しかも、いまや日本特有のガラパゴスバイクになってしまった原付に対し、世界では125ccクラスがグローバルスタンダードの入門&普及モデル。それだけに、魅力的で良質なモデルが揃っています。量産効果もあって、価格も手頃なモデルが多いですから、ユーザーにとってもメリットがあるし、二輪業界にとってもこのクラスの普及が進めば販売台数の増加に直結するとあって、最短2日間で免許取得できるようにと強く関係各所に訴えてきていました。
その願いが現実になったわけですが、実際、自動車教習所はこの決定をどう受け取っているのか、また教習所の受け入れ態勢はどうなっているのかを、全日本指定自動車教習所協会連合会(全指連)の「教習調査研究小委員会」の委員長でもある阪神ライディングスクールの有馬さんにお聞きしました。
阪神ライディングスクールは綿密なカリキュラムで対応! 今後、対応する教習所が増えてくるはず
教習所側も今回の決定は非常に前向きに捉えていて、2日間で取得できるように教習体制を含めて対応策を準備しているといいます。というのも、2日間で入校→教習→実地試験→卒業を行うとなると、かなり綿密なカリキュラムが必要で、教習に関してはスムーズかつ確実に技能を習得できるようにマンツーマンでの指導が好ましいとの回答でした。
実際、阪神ライディングスクールでは、8月のお盆休みの2日間を利用してAT小型免許を取得希望の方がいらっしゃり、しっかり準備をして受け入れたこともあって無事に2日間で入校から卒業まで終了したそうです。その方は兵庫県にお住いの30代の男性で、免許を取得して125ccで通勤をする予定とのことで、短時間で取得できたことを非常に喜んでいらしたとのこと。
2日間で取得するには、密度の濃い教習が必要とのことで、現在のところマンツーマンの手厚い教習体制が望ましいそうだ
阪神ライディングスクールでは、ご覧のようにウェブサイトでAT小型免許の取得について、入校から卒業まで最短2日をアピールしている
二輪免許専門の阪神ライディングスクール。実は、モンちゃんもここで大型二輪免許を取得しました
免許を取りたい気持ちを盛り上げるためにも、新規取得者向けのお得な購入キャンペーンなどを期待したいですね!

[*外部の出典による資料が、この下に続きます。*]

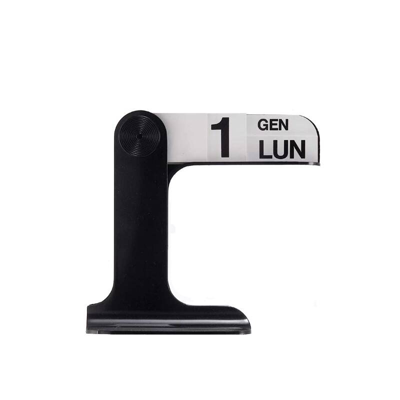 Created by designer and creator Enzo Mari for manufacturer Danese Milano in 1967, the Timor perpetual table calendar features an ABS base on which lithographed PVC sheets are displayed in a fan shape. Numbers, days of the week, and months combine to form dates in an original way that can be read even from a distance. Available in black or white, the Timor calendar is very graphic and has become a brand classic. Its sophisticated shape brings a subtly modern touch to your desk, bedroom or hallway. Delivered with French text
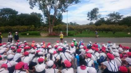 今日は天候が心配されましたが、全校で服部緑地に出かけています。
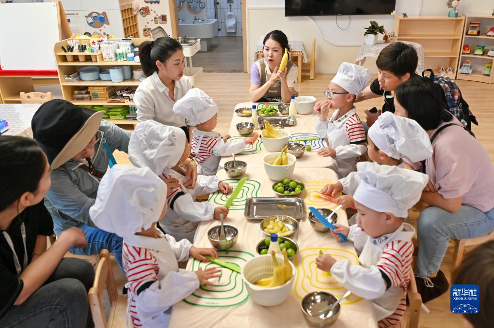9月4日,南京市首家公建公辦托育園——西城晨星曉小禾托育中心二期項目在建鄴高新區國際研發總部園正式開園,數十名3歲以下的小朋友在托育老師陪伴下愉快地玩樂、學習,讓在這裡工作的“職場父母”樓上上班,樓下帶娃。據介紹,該托育園可容納85個托位,根據附近産業園區內職工上班時段全年開放,讓“職場父母”上下班與接送孩子無縫銜接。
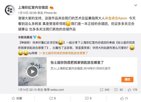 自新闻晨报在微博“首发”之后,像是新浪娱乐、文艺上海、微博音乐、江南晚报、好奇心日报,哔哩哔哩弹幕网等都有转发,甚至连人民网、网易云音乐、奥地利音乐频道也没有放过;

今後、教習所側の受け入れ態勢が整えば、阪神ライディングスクールに続き、積極的に2日間教習での取得を積極的にアピールする教習所がどんどん出てくることは間違いないでしょう。今まで諦めてきた潜在ユーザーも、週末だけで取得できるならチャレンジしようという積極的な気持ちが湧いてくるはずです。
免許取得者が増えれば、当然、バイクの購入希望者も増加するはず。ですから、二輪メーカーには弾みをつける意味でも、AT小型免許の新規取得者を対象にしたお得な購入キャンペーン(今日時点では、ヤマハが「AT小型限定免許とっちゃう♪キャンペーン」を行っています)などを積極的に行って欲しいものです。
免許取得の簡便化→取得者の増加→新車販売台数→バイク用品の売り上げアップ。この図式が現実のものとなるように願っています。
AT小型二輪免許の取得者を増やすには、教習車の充実も望まれる。現在、主力のホンダ・スペイシー125も登場は2005年で、現在は販売されていない
ヤマハが早速、改正法施行後の7月20日からキャンペーンを開始している。他メーカーもぜひ追随してほしい!